I've known only a few people who grew up in foster care and one who spent his whole life until he was 18 in an orphanage. He's happy, cute, degreed, and talented. The answer isn't killing the unborn who might end up in foster care or an orphanage because nobody knows who will or how they will deal with it.
 
I've known only a few people who grew up in foster care and one who spent his whole life until he was 18 in an orphanage. He's happy, cute, degreed, and talented. The answer isn't killing the unborn who might end up in foster care or an orphanage because nobody knows who will or how they will deal with it.

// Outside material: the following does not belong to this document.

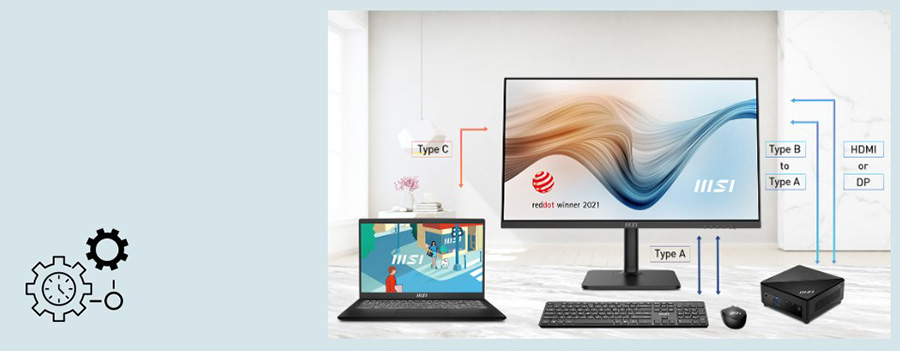 * Productivity Intelligence APP (P.I.) yazılımının son sürümünü destek sayfasından indirebilirsinizProductivity Intelligence App uygulamasından en iyi şekilde yararlanmak için birinci bilgisayarınızı USB Type B ~ A portu ile Modern MD272 monitörünüze bağlayın, ardından görüntüyü HDMI veya DP portu üzerinden aktarın.

GREAT! Let's put all children into orphanages - all extra tens of millions - so they all can be "happy, cute, degreed and talented." Indeed, let's require ALL children go into orphanages whether they have parents or not so they all can have those traits. And, of course, just print off $50,000,000,000 to pay for it too.

I guess that's the solution to the growing number of children the government can't find ANYONE to foster care. We'll just build hundreds and then thousands of orphanages. And people certain will agree to a 90% tax rate to pay for it rather than "killing the unborn." I have no doubt you often appear before your County and State governing body urging them to raise taxes to pay for a new orphanage, right? How times have you done so?
 
Oh, get over yourself, Joko. Killing the unborn because they might end up in the system is a pathetic rationale.
 
Let's do the math. 30,000,000 unwanted children would have been born. 1 million potential adoptive parents for which you assume they will be good. There are already not enough foster parents, so none could have gone there.

HOW MANY ORPHANAGES would it take for 29,000,000 children - and that assumes NONE of them had unwanted children when they grow up.

How about 1,000 children per orphanage? So... we would only need 29,000 orphanages. So far. Then another 1,300 more per year there after. So... 40,000 ophanages by 2023, 52,000 orphanages by 2033...

and of course some those would have unwanted pregnancies. By about 2050, there would be about 100,000 orphanages.

But, it is known that in the dark ages the average life span was about age 25, for which nearly all children grew up as orphans. And wasn't life wonderful for them too? That's why they decided to have a "Chidren's Crusade" to march tens of thousands of children off to the desert to fight the Muslim armies for God. Exactly not one child returned.

But, they didn't kill "unborn" children, so that's ok.